Über die architektonischen Merkwürdigkeiten habe ich noch gar nicht gesprochen. Der Saal an sich – also der Ort, wo alles Wichtige stattfindet – ist ästhetisch zumindest beeindruckend. Von außen jedoch ist die Philharmonie de Paris ein ziemliches Monstrum, zumindest im Vergleich zum eleganteren KKL in Luzern, das vom selben Architekten erbaut wurde.

Aber die Foyers auf den jeweiligen Etagen sind von einer solchen Geschmacklosigkeit, dass man nur mutmaßen kann, Jean Nouvel habe nicht nur verärgert die Eröffnungsfeier boykottiert (es hatte Querelen um Geld sowie um die seiner Ansicht nach zu frühe Eröffnung gegeben), sondern sich mit der unvollendeten, schier das Auge wie Pfeile attackierenden Hässlichkeit der Foyers regelrecht an den Bauherren und -damen rächen wollen. Nicht einmal mit seinem Namen schmückt man sich noch, und das – wenn ich mich recht entsinne – auf Wunsch des Pritzker-Preisträgers selbst.

Einen Monat nach der Eröffnung am 14. Januar 2015 war ich dort, um meine beiden Lieblingsbands zu hören: die Berliner Philharmoniker unter Sir Simon Rattle am 18. Februar (Mahler Zwo und ein Stück von Helmut Lachenmann – da gab’s nix zu lachen, Mann, der Kalauer sei gestattet) und zwei Tage später das Concertgebouworkest unter Mariss Jansons (Mahler 4 und Strauss). Vor dem Konzert am 20. Februar traf ich einen Berliner, der wie ich zwei Tage zuvor den Saal zum ersten Mal in Ohren- und Augenschein genommen hatte. Seine Frage an mich werde ich nie vergessen: „Finden Sie nicht auch, dass es im Foyer so aussieht wie bei einer Vertretertagung?“

Wie leben in einer glücklichen Zeit, da viele tolle neue Konzertsäle entstanden sind und entstehen. Die Elbphilharmonie und die Philharmonie de Paris sind akustische Meisterwerke. Kurz nach Eröffnung beider Säle war ich jeweils dort. Aus Neugier, und natürlich aufgrund des herausragenden Spielplans.

Werde ich meinen Vorsatz durchhalten, nie wieder die Pariser Philharmonie zu betreten?

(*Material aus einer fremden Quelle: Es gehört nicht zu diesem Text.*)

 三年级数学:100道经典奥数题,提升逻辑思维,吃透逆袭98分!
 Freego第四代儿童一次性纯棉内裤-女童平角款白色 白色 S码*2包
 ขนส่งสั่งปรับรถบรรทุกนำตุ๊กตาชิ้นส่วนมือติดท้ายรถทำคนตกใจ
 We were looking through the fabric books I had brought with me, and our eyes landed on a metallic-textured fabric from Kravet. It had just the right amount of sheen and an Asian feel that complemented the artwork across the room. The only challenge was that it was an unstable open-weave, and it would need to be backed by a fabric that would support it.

Ich traue mir selbst nicht ganz: Wenn die Jahresvorschau bald wieder ins Haus flattert, werde ich möglicherweise schwach ob des phänomenalen Angebots. Und dann doch wieder enttäuscht, wenn ich hinfahre. Zumindest die Tatsache, dass es für jedes Konzert, egal ob Boston Symphony oder Orchestre symphonique de Pusemuckel, ein Kartenkontingent zu 10 Euro gibt, ist natürlich vorbildlich und sollte auch anderswo beherzigt werden. (In Hamburg und Wien gibt es Ähnliches; in Köln wurden die 10-Euro-Stehplätze abgeschafft; in Amsterdam ist das Konzertvergnügen eher teuer.)

Wäre es nicht tatsächlich besser, wenn man einfach nur zuhause mittels exquisiter Stereoanlage oder magischer Kopfhörer seine Konzerte hörte? Aber wir brauchen doch das Live-Erlebnis!

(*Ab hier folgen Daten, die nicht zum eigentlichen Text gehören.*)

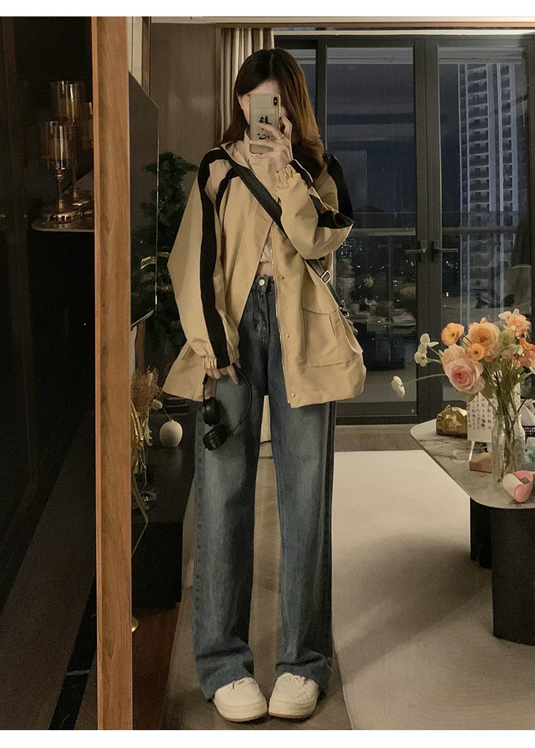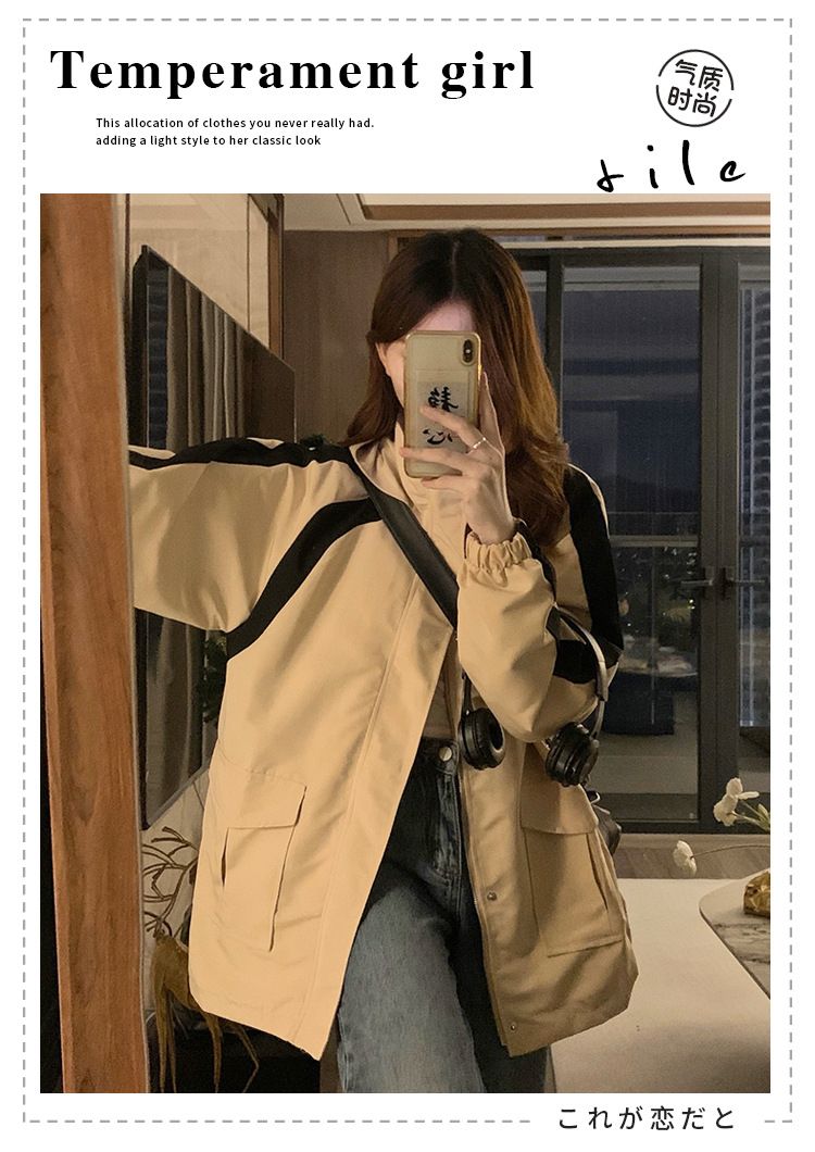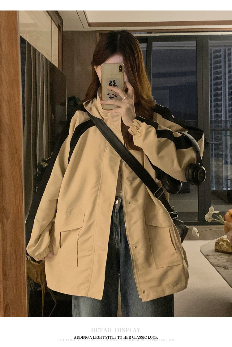 JMA-402 实拍 2023秋季开学季ins韩版宽松bf休闲慵懒风百搭夹克上衣冲风衣

Nächstes Wochenende bin ich übrigens in der bayerischen Landeshauptstadt. Blomstedt dirigiert Bruckner; ich werde berichten. Mal sehen, ob’s im Herkulessaal auch ein paar dauerquasselnde Deppen gibt.

Dr. Brian Cooper, 10. Januar 2023, für
klassik-begeistert.de und klassik-begeistert.at

Dr. Brian Cooper, geboren 1977 in Köln, irischer Staatsbürger mit bergischer Vergangenheit, Studium der Literatur und Musik in Dublin, Bilbao und Paris, mit Schwerpunkt französische (M.A., Sorbonne) und spanische Literatur (PhD, University College Dublin). Lebt und arbeitet als Übersetzer und Lektor in Bonn. Zwei Jahre lecteur d’anglais an der Sorbonne, trieb sich infolgedessen viel in Pariser Kinos und Kulturstätten herum. Wurde schon vor dem zehnten Lebensjahr in Konzerte mitgeschleppt, was sich als Glücksfall entpuppte. Seither vollkommen angefixt. Erster Geigenunterricht mit knapp neun, über die Jahre Mitglied verschiedener Laienorchester. Als Kind und Jugendlicher viel Streichquartett gehört, und auch gespielt, noch heute große Zuneigung für das Genre, wenngleich heftige Abneigung gegen Beethovens Große Fuge. Peu à peu die großen Orchester entdeckt, dann die richtig großen: zwei Erweckungserlebnisse mit Mahlers Erster und Sechster Sinfonie unter Mariss Jansons und dem Concertgebouworkest, das seit Mitte der 2000er Lieblingsband ist und alljährliche Pilgerreisen in den Amsterdamer Tempel zum lebenserhaltenden Pflichtprogramm macht. Seit 2005 jährlicher Besucher des gänzlich unprätentiösen und spannenden Berliner Musikfests. Hat sich damit abgefunden, dass Musik ein Kosmos ist, für den ein Leben nicht ausreicht, und lebt seitdem entspannter.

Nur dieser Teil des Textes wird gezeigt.